Development of nocturnal (night-time) seizures: As children get older they may begin to experience their seizures at night, particularly as they transition through sleep phases. For some families this feels like a positive change as their child will not sustain any injuries from falling, but for others it may cause additional anxieties and fears.

Nocturnal (Night-time) Seizures

Night-time can be the most stressful time for parents due to the worry about missed seizures and the risk of SUDEP (sudden unexpected death in epilepsy).

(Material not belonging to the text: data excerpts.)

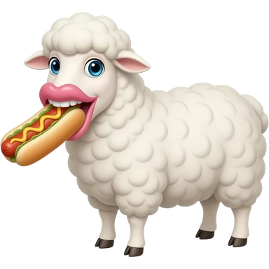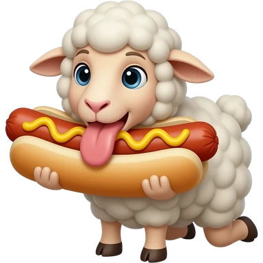 sheep plush on its knees eating a hotdog in its mouth with covered in lots of sticky mayo emoji
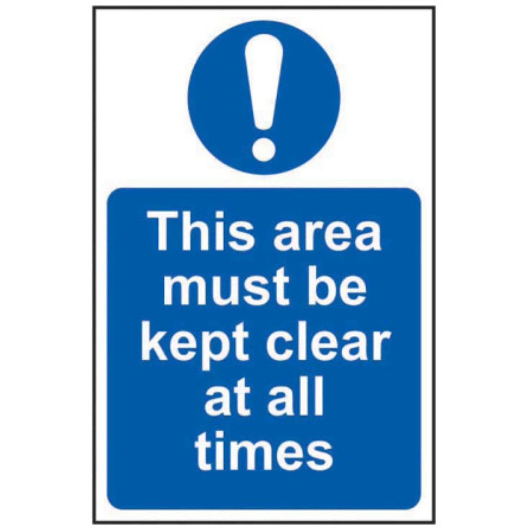 This Area Must Be Kept Clear At All Times Safety Sign – Self-Adhesive Vinyl 200mm x 300mm
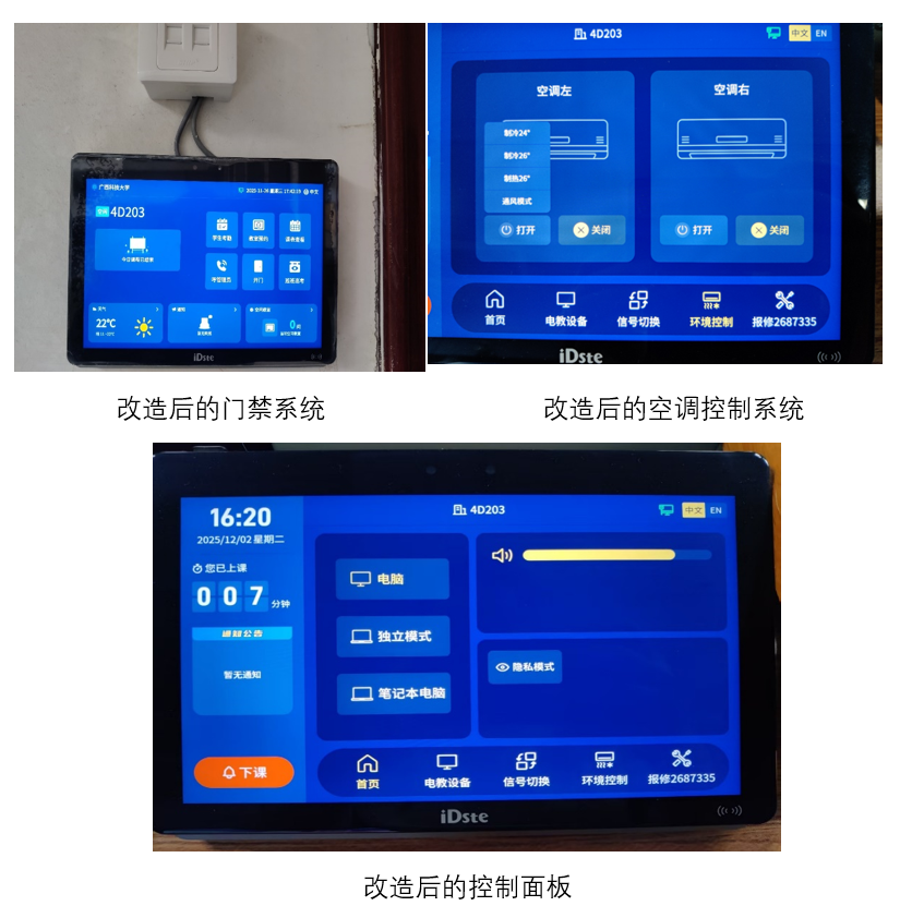 近日,学校网络中心完成文昌校区4d203智慧教室设备升级改造工作。此次升级聚焦教师教学实际需求,推出自助刷卡使用、多模式屏幕控制、远程协助等一系列智能化功能,大幅提升了智慧教室的使用便捷度与管理效率。智慧教室的升级改造是继文昌校区多媒体教室教学设备升级改造之后,学校数智校园建设的又一重要成果。
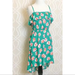 Garden Green Fabric w/Pink Flowers, Adjustable Straps, Elastic Ruffle Chest, Elastic Waist, Hi-Lo Hem.
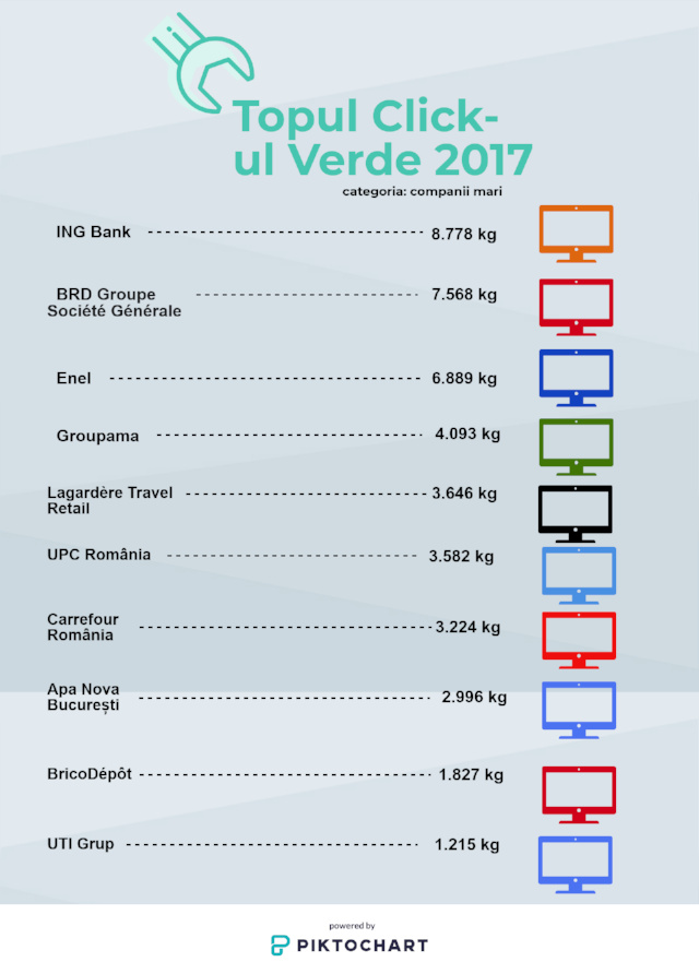 Ce classement annuel distingue les sociétés roumaines les plus responsables du point de vue de la gestion de leurs Déchets d’Equipements Electriques et Electroniques (DEEE), qui ont respecté leur engagement en faveur de l’environnement et ont remis le plus d‘équipements informatiques à AFF, opérateur autorisé pour la gestion des DEEE depuis 2009.
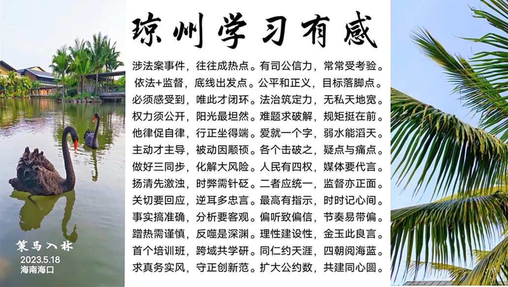 2020年9月22日,參加中央網(wǎng)信辦、中央政法委指導(dǎo)的“大國小鮮 基層之治”網(wǎng)絡(luò)主題宣傳活動,發(fā)言提出:社會治理就是“烹小鮮”,這個看起來很大的題目,核心還是人,每一個人的合理需求和合法權(quán)益都是社會治理服務(wù)的對象。依法維護(hù)廣大人民群眾和一家一戶一人的合法權(quán)益,才能真正維護(hù)和諧安定的社會秩序。守護(hù)好萬家燈火就是我們工作和服務(wù)的內(nèi)涵,用繡花針工夫做好社會治理大文章。媒體通過作品的傳播力、影響力、公信力,真實(shí)還原治理一線“烹小鮮”行為,生動呈現(xiàn)基層守正創(chuàng)新、擔(dān)當(dāng)作為的故事細(xì)節(jié),同時以共情力和同情心洞察百姓期待與訴求。
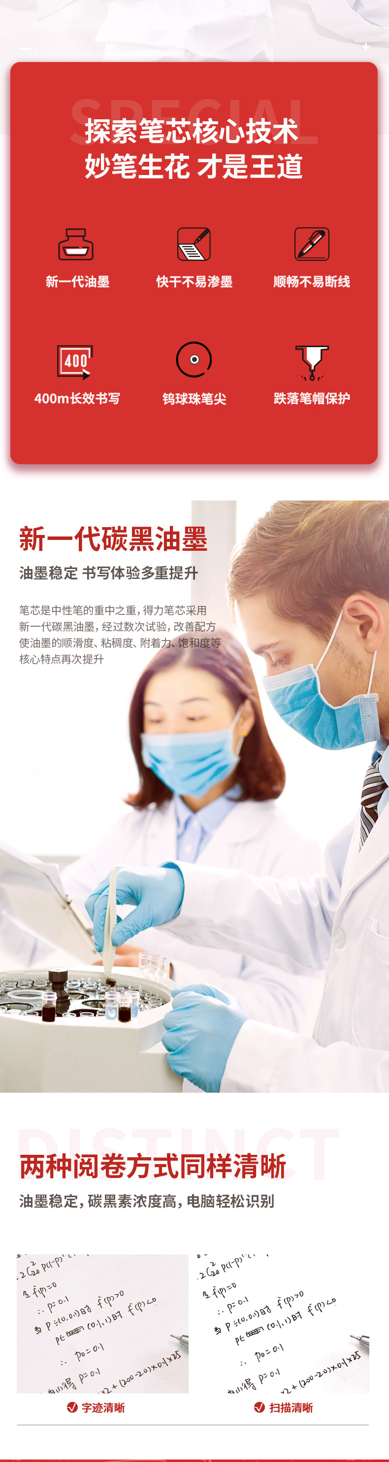 Deli有力v1連中三元試験筆学生用0.5mm押し中性カーボンブラックサインペン水筆
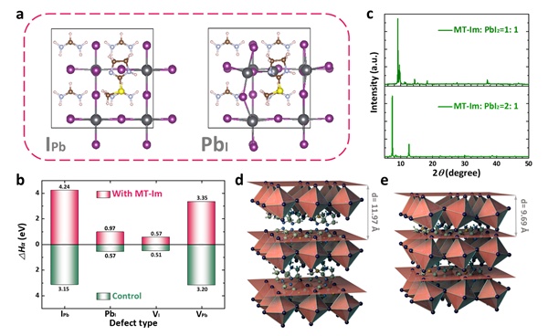 研究團(tuán)隊(duì)通過引入2-甲硫基-2-咪唑啉(MT-Im)陽離子,設(shè)計(jì)新型低維鈣鈦礦材料并引入鈣鈦礦吸光層和空穴傳輸層界面。由于MT-Im陽離子既可以作為電子受體,又可以作為電子給體,能夠?qū)缑娑嘣缘你U(Pb)基缺陷進(jìn)行定向管理。其中-C=N和-S-CH3基團(tuán)表現(xiàn)出路易斯酸性,與未配位的Pb2+形成Pb-N和Pb-S配位鍵,抑制Pb0的產(chǎn)生;NH2+基團(tuán)又可以與PbI3-(Pb-I反位缺陷)形成配位鍵,錨定Pb2+離子。通過密度泛函理論(DFT)計(jì)算可知(圖1a,b),含有MT-Im的鈣鈦礦界面處PbI和IPb缺陷形成能分別由0.57 eV和3.15 eV升高至0.97 eV和4.24 eV,可以有效抑制缺陷的產(chǎn)生。同時(shí),研究發(fā)現(xiàn),當(dāng)調(diào)節(jié)MT-Im陽離子的濃度時(shí),界面處低維鈣鈦礦呈現(xiàn)出混合晶相(圖1c-e),有利于提高對(duì)于不同類型界面缺陷的鈍化效果,實(shí)現(xiàn)穩(wěn)定鈣鈦礦界面的作用。
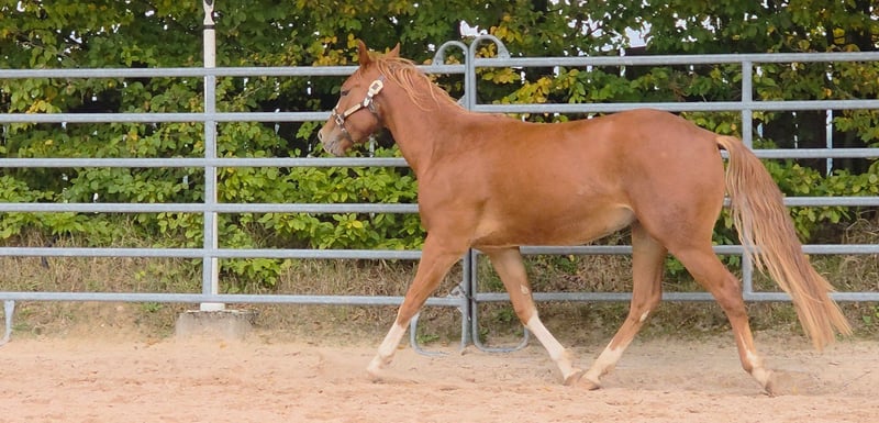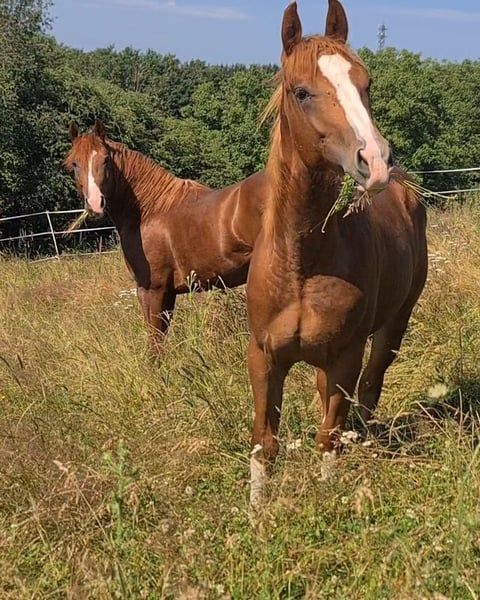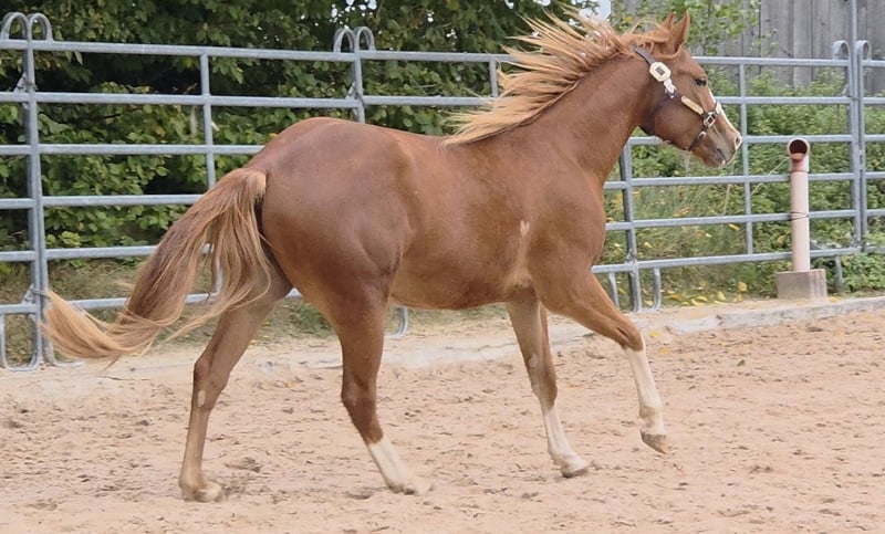 HES A RUF SHINER aka "Arkadi" am 24.03.2023 wurde der kleine fuchsfarbene Hengst geboren Wie seine Halbbrüder hat er leicht flachse Mähne und Schweif und trägt das Rabicano Gen in der Form eines kleinen Herzens auf der rechten Seite.. das ist wirklich aussergewöhnlich Sein Papa One Shiney Treat ist direkter Sohn von Shining Spark SIRE : Shining Spark ($ 10.6 Million Sire) DAM: Hagandaz (LTE $49,289 in NCHA & NRCHA, OE $65.616 in NRHA, NCHA& NRCHA) (Grays Starlight x Doc O Lena) Seine Mutter Sailin Jumping Joana Tochter von Sailin Ruf SIRE Sailin Ruf - LiL RUF PEPPY 3 Million Dollar Sire Peppy San Badger AQHA & NCHA Hall of Fame (2008) aus einer etwas unbekannteren Mutterlinie die auf DOC LYNX (NCHA LTE: $4,716,808.10) gezogen ist ⭐️ 6 Panel: N/N Seine Halbbrüder von Smartest Little Cat waren herausragend und als Fohlen von der DQHA mit 1A prämiert. Arkadi hat ein selbstbewusstes freches Wesen. Er ist neugierig und tempramentvoll und selbstbewusst und er zeigt jetzt schon sein enormes Bewegungs Potential, Ist schnell und ausbalanciert. und ein schönes kräftiges und korrektes Fundament und er ist sehr harmonisch bemuskelt. so wie er derzeit gewachsen ist vermuten wir das es größer als 150 wird. vermutlich ~153cm Hier auf Hof Eichelbrunn wächst er in unserer BubenGruppe auf. Dort seigt er sich als sehr selbstbewusst aber respektiert auch die Ansage der Älteren. Beim einem Hoftermin haben die One Shiney Treat Nachkommen sehr überzeugt und es gab für alle 3 vorgestellten eine 1A Bewertung zwischen 80,41 und 85,34... das spricht für sich und für die Qualität der Nachzucht von diesem tollen Shining Spark Sohn. Er kann jederzeit mit Papieren COR und deutschem DQHA Equidenpass ausziehen. wie alle unsere jungen Perde Tetanus geimpft und regelmässige Hufbearbeitung. DQHA Futurity einbezahlt. Ein vielversprechendes Nachwuchs Pferde für den ambitionierten Sport und Freizeitreiter! Seit dem 24.03.2025 ist Arkadi nun glücklicher Wallach. und natürlich freut er sich seine Sachen zu packen und neuen Aufgaben entgegenzugehen. Besuche sind nach Absprache jederzeit möglich
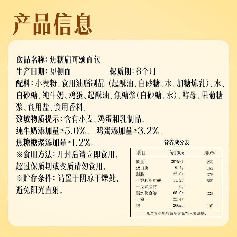 达利园扁可颂面包压扁小面包焦糖薄脆牛角包中式 糕点点心零食早餐
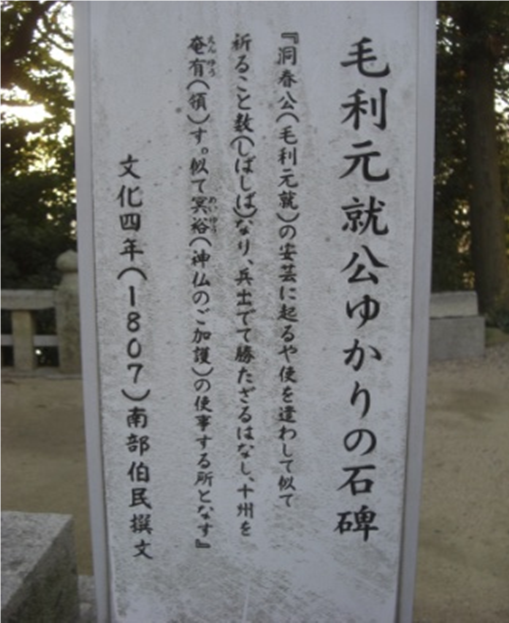 弘治元年(1555)十月、厳島の戦いで陶晴賢を破り自刃させた。その後、大内氏の残党を弘治三年、この地、富田に軍を出し勝栄寺に本陣を置いて鎮圧した。
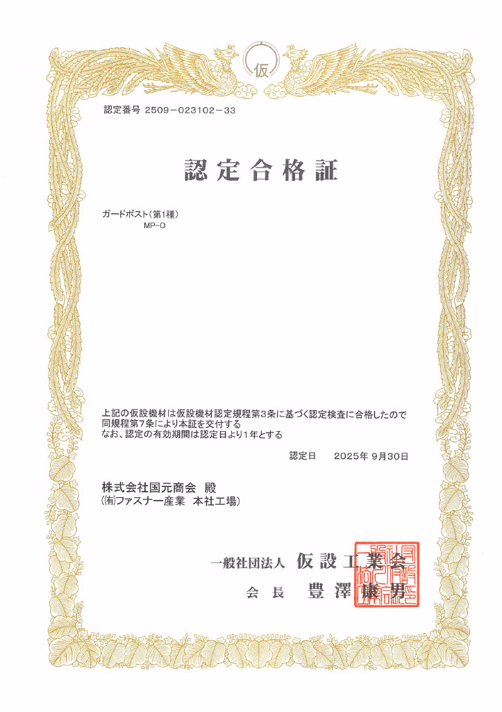 道路安全の要となるガードポストの製造において、メトロポストO型として厳しい品質基準と安全性を満たす製品を製造できることを証明する認定です。交通事故防止に重要な役割を果たす安全設備として、確実な強度と耐久性を保証いたします。
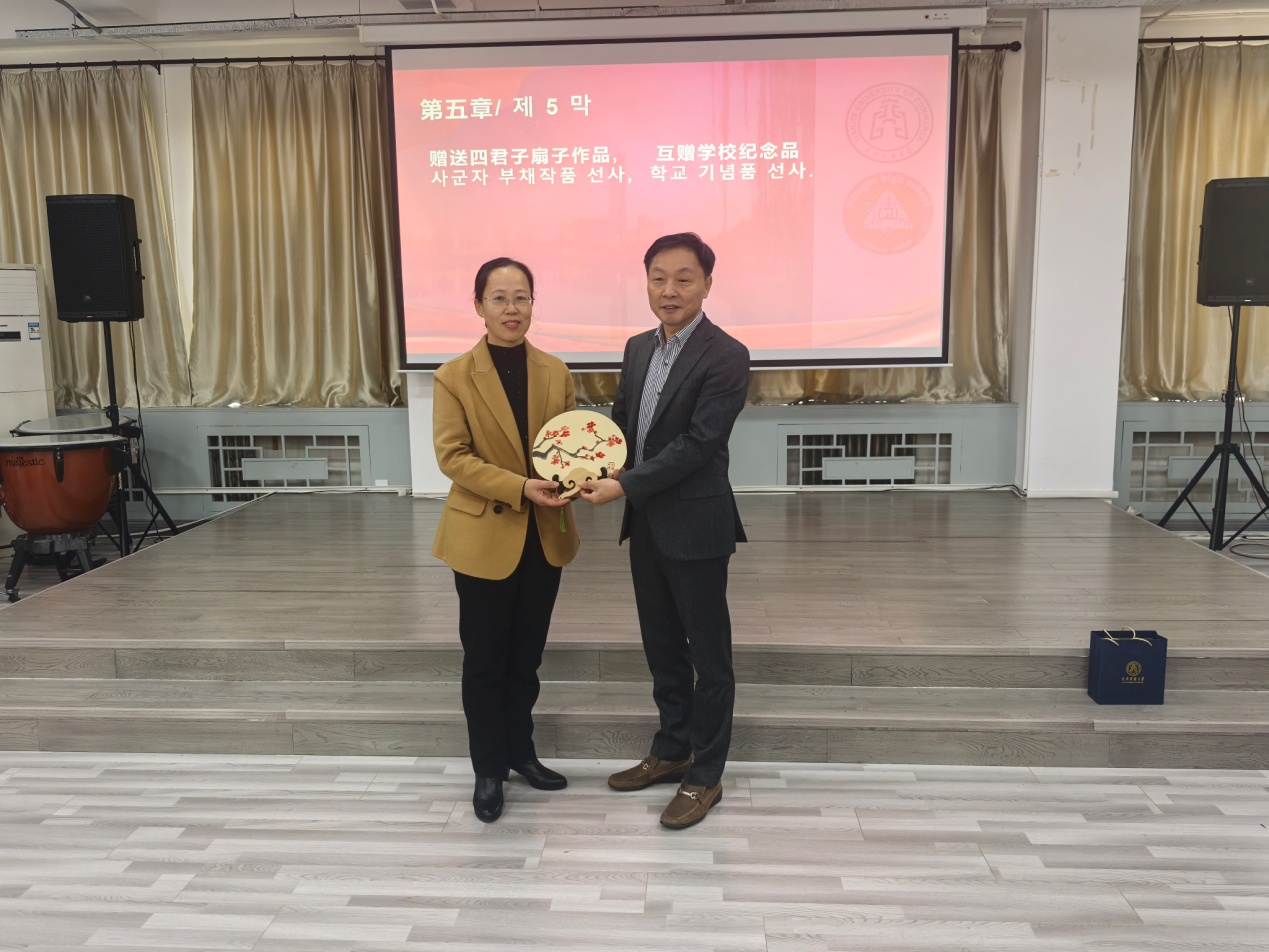 欢迎仪式上,国际教育合作学院党委书记乔秀梅与韩国三槐高中校长孔明铉互赠了纪念品。国际教育合作学院院长曹晓丽对访学团的到来表示欢迎,并介绍了beat365官网国际教育合作学院基本情况。孔明铉对beat365英国官方网站的热情接待表示感谢,并表达了对未来双方深入合作的期待。在随后的艺术交流环节,中韩学生分别带来了古筝、扇画、歌曲、民族舞以及街舞等精彩节目。表演不仅充分展示了中韩两国文化的独特魅力,更传递了中韩学生对两国友谊的美好祝愿和共同愿景。

There are a number of options to reduce worry and incidence, notably:

  • Obtaining a specialist bed/cot for your child. These beds can have high sides to ensure the patient cannot fall out and injure themselves. Some cots have sides that are high enough to ensure the patient cannot climb out.
  • Sleeping in a double bed with your child.
  • Pulse oximeter machines that monitor a person’s heart rate and oxygen levels. Typically when someone has a seizure their heart rate increases and their oxygen levels drop. If they are being monitored on a pulse oximeter machine during a seizure the monitor may sound an alarm, so that parents/carers can administer emergency treatment if necessary. The pulse oximeter is attached to the patient by a sticky probe, generally on the toe. These machines are not routinely available on the NHS, as so far there is no proof that they reduce the chance of SUDEP, however they can provide reassurance for many families. It is important for families to remember that machines can develop faults. This type of monitoring should never be a replacement for the observation of clinical signs.
  • Epilepsy mattress monitors which alert to tonic clonic seizures and can also be set up to sound an ‘out of bed’ alarm to alert if the patient has got up.
  • Good quality video camera (baby monitor) or CCTV.
  • Having a single bed in the patient’s bedroom for a parent or carer to use when the patient is unwell.
  • Exploring respite options, for example the patient staying somewhere where there is waking night staff or accessing waking nights in your own home.